The Federal Open Market Committee, the FOMC, raised its benchmark rate to a range of 4.25% to 4.5% from 3.75% to 4% previously.
The move marked a slowdown from the 0.75% rate increases seen at the prior four meetings. This steep pace of rate hikes, the fastest since the 1980s, has begun to make a dent in inflation.
While the recent evidence pointing to slowing inflation has been encouraging, the Fed believes further hikes, though at a slower pace, are needed to ensure that price pressures eventually drop to its 2% target.
The Fed now sees its benchmark rate rising to a median rate of 5.1% in 2023, above the 4.6% forecast in September, suggesting a target range of 5%-5.25%, or roughly another 75 basis point rate hikes ahead.
That is slightly higher than market expectations for rates to peak at the high end of around 5%.
In the press conference that followed the monetary policy statement, Powell said that the Fed's policies "are getting close to the level we think [is] sufficiently restrictive."
The central bank also signaled that it's likely to keep rates higher for longer through 2023, disappointing market participants calling for a cut in the second half of next year. The Fed forecasts a cut in 2024 to 4.1%, but that is above the 3.9% projected previously.
Last month, Fed Chairman Jerome Powell flagged the strong price pressures in the core services sector, ex-housing, of the economy, underpinned by wage growth, as a key driver of inflation and reiterated that there is still more work to do.
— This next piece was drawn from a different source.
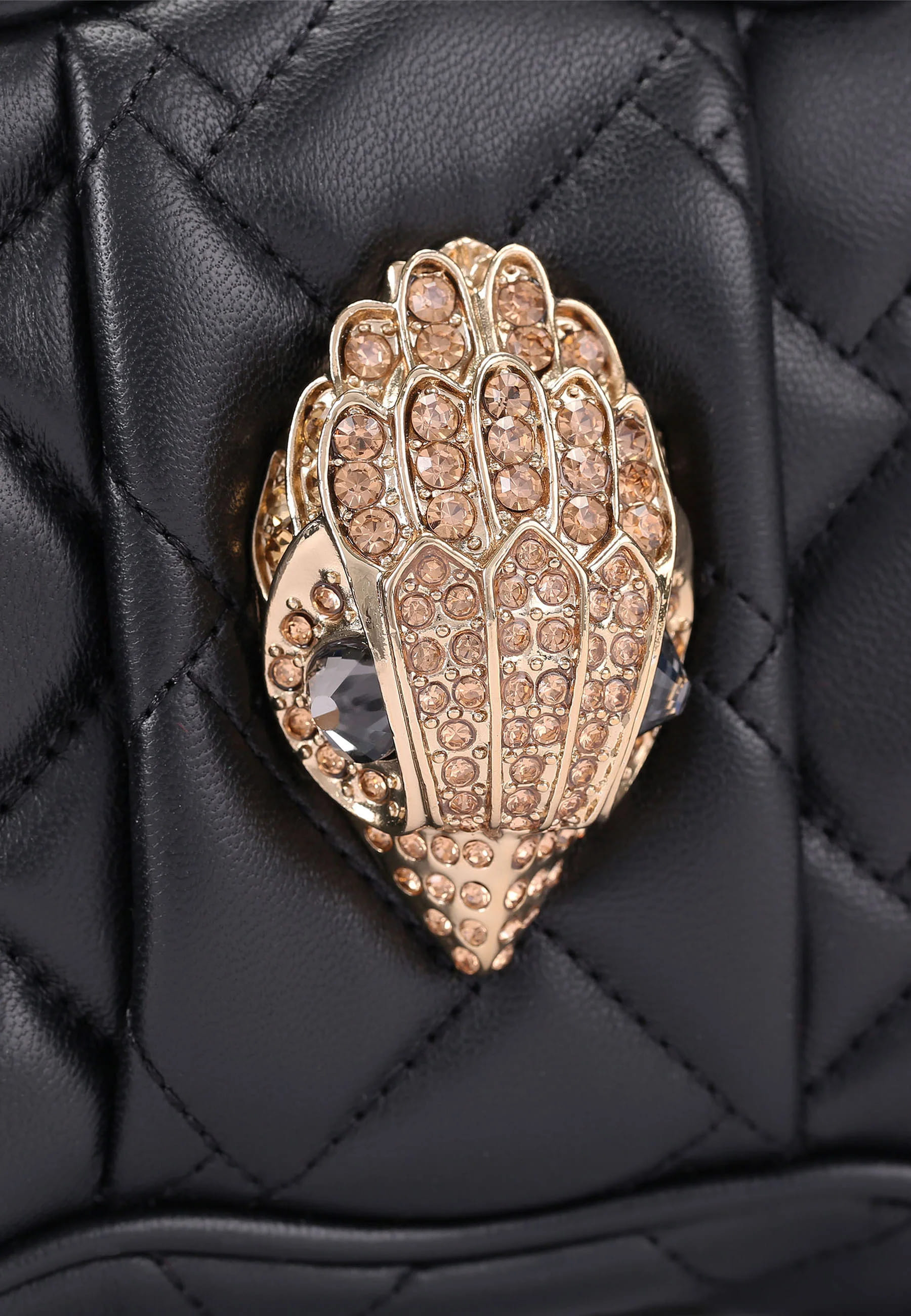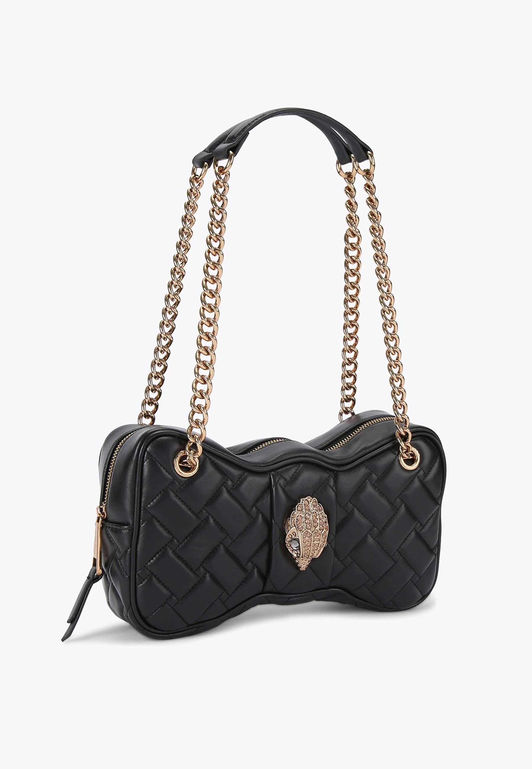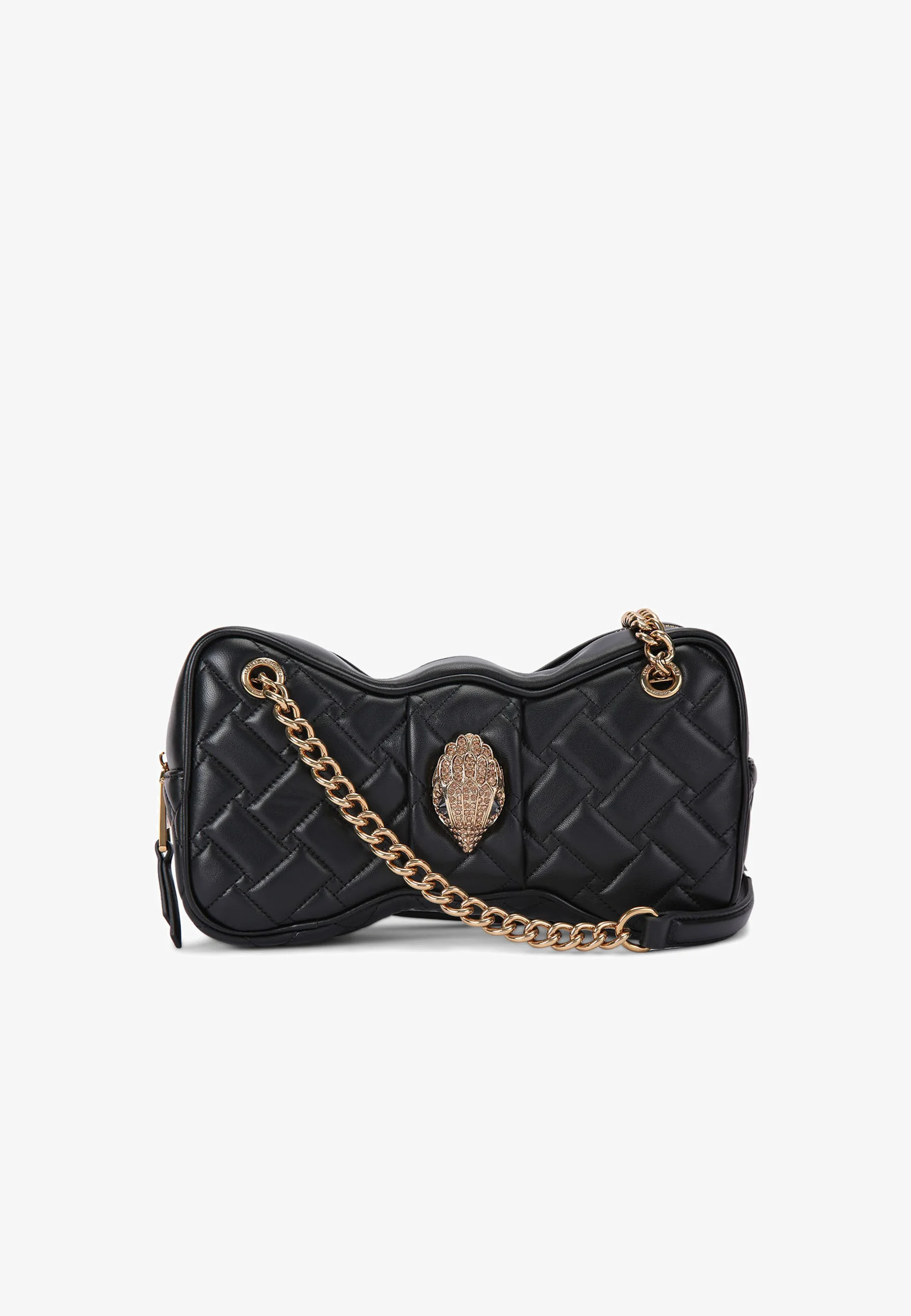 El cierre de cremallera superior protege el contenido, mientras que los detalles de pedrería en el exterior aportan brillo y personalidad.

"Because wages make up the largest cost in delivering these services, the labor market holds the key to understanding inflation in this category," Powell said in a November speech at the Brookings Institution event in Washington.
The core personal consumption expenditures price index, the Fed’s preferred measure of inflation, is forecast to climb to 3.5% in 2023, up from a prior forecast of 3.1%. For 2024, inflation is estimated to slow to 2.5%, compared with the prior forecast of 2.3%. Fed members kept their inflation forecasts for 2025 unchanged at 2.1%.
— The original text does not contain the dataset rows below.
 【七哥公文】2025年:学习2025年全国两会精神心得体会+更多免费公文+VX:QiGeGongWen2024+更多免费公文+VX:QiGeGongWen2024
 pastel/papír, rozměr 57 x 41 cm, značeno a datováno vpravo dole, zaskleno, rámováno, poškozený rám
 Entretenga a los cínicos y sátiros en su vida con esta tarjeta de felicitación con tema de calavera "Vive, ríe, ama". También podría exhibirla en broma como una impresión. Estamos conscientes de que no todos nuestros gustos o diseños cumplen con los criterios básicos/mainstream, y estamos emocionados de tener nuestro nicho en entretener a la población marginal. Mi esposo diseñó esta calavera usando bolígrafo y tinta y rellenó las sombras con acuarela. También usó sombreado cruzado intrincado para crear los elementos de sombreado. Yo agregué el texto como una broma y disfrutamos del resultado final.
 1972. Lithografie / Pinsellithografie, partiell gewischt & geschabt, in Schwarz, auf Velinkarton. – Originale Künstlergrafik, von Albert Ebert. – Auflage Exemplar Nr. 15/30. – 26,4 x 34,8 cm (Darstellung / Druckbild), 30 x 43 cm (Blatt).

The Fed believes its higher for longer rate regime will quash demand in the labor market more than previously forecast, helping to bring wage growth under control. The unemployment rate is expected to reach 4.6% in 2023 and remain unchanged the following year, according to the Fed's projections. That is above the prior September forecast of 4.4%.
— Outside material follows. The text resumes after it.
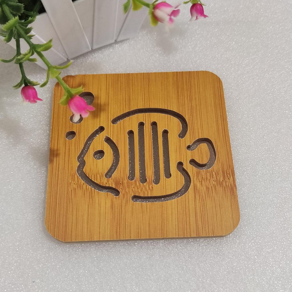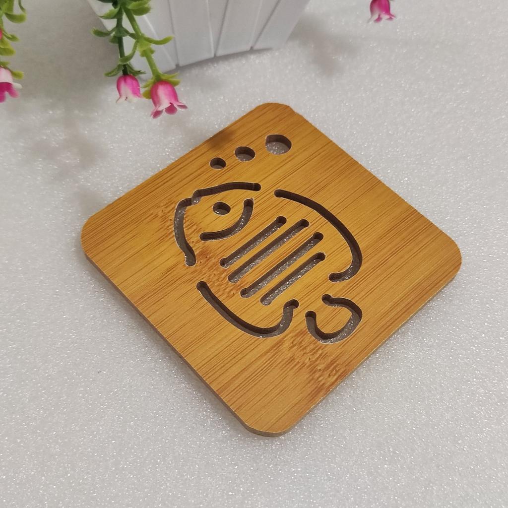 Cartoon Hollow Wooden Coasters Kitchen Tableware Thickened Anti-scalding Heat Insulation Wooden Non-slip Pan Bowl Pad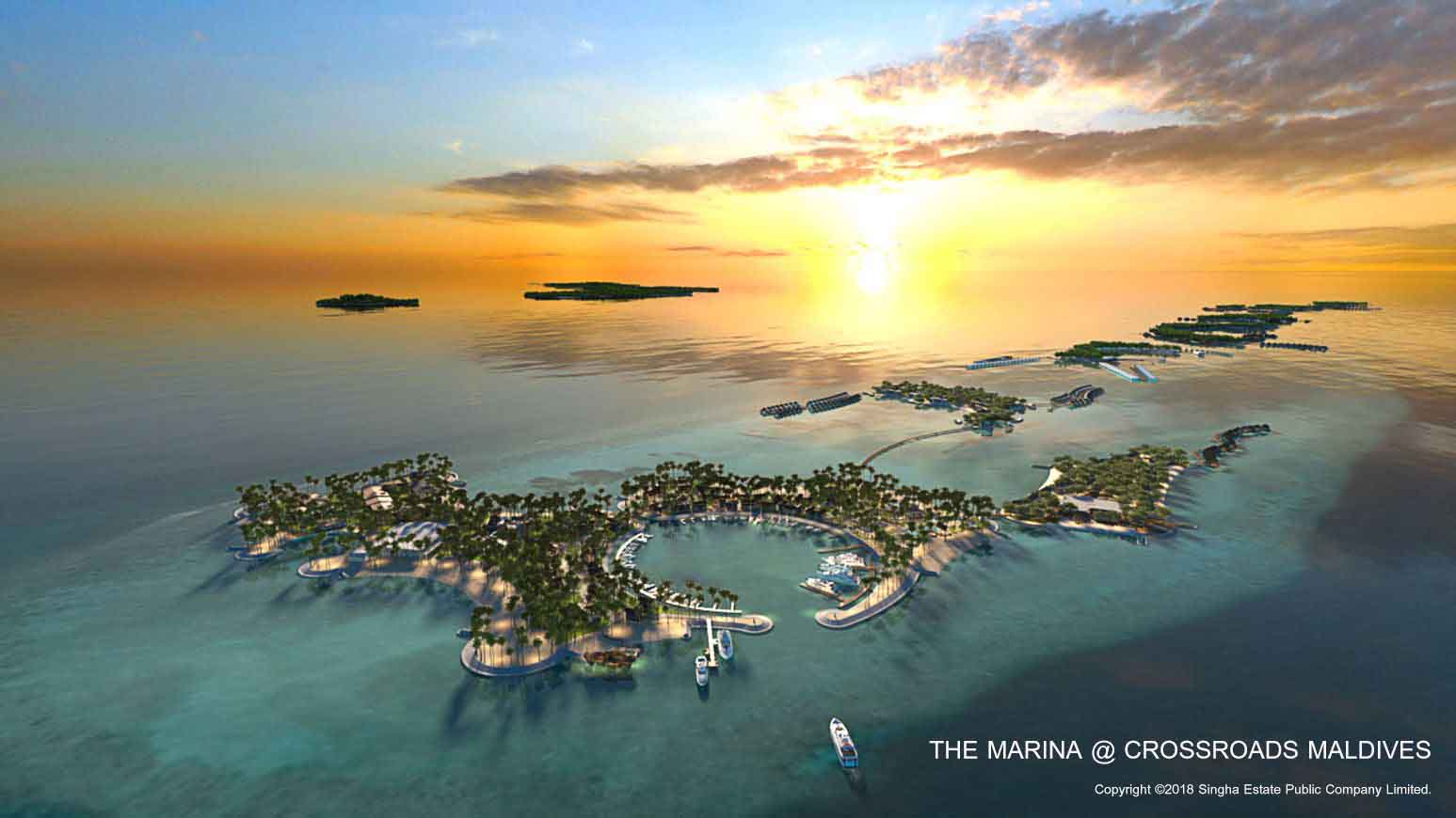 2 รีสอร์ทสุดหรู ตั้งอยู่ภายใน “ครอสโร้ดส์” (CROSSROADS) อภิมหาโครงการสำหรับการพักผ่อนและสันทนาการครบวงจรแห่งแรกในมัลดีฟส์ โดยสิงห์ เอสเตส (ประเทศไทย) ประกอบด้วยหมู่เกาะสร้างใหม่จำนวน 9 เกาะ โดยแต่ละเกาะจะนำเสนอประสบการณ์พักผ่อนสไตล์รีสอร์ทที่ต่างกันออกไป ภายใต้แนวคิด “หนึ่งเกาะต่อหนึ่งรีสอร์ท” ตั้งอยู่บนเอ็มบูดู ลากูน (Emboodhoo Lagoon) ห่างจากสนามบินนานาชาติเวลาน่า และเมืองหลวงมาเล่ เพียง 15 นาที โดดเด่นด้วยสถาปัตยกรรมและการตกแต่งที่สะท้อนถึงประวัติศาสตร์ของมัลดีฟส์ เพื่อสร้างบรรยากาศและประสบการณ์ให้แก่ผู้เข้าพักได้สัมผัสแก่นแท้ของมัลดีฟส์ตั้งแต่อดีตถึงปัจจุบัน เพียบพร้อมด้วยกิจกรรมและความบันเทิงระดับเวิร์ลคลาสอย่างเต็มรูปแบบ ทั้งโรงแรม รีสอร์ท ร้านค้าปลีก ภัตตาคาร กีฬาทางน้ำ สถานที่ท่องเที่ยวเชิงวัฒนธรรม และศูนย์อนุรักษ์ทางทะเล

Acknowledging the impact of tighter monetary policy, Fed members cut their growth forecast for 2023 by more than half to 0.5% from 1.2% previously. Economic growth in 2024 is now forecast at 1.6%, down from a prior projection of 1.7%.
As the Fed readies a slower path of rate hikes ahead, investors remain wary of the risk that the central bank tightens too much and argue for a pause sooner rather than later as the rate hikes delivered so far need time to fully impact the economy.
“Signs that inflation is easing allows the Fed to take a breath, and let their incredibly powerful policy proliferate through the economy,” Eric Diton, president and managing director at The Wealth Alliance, said ahead of the decision. “I think they've done enough…they don’t need to do anything other than just wait."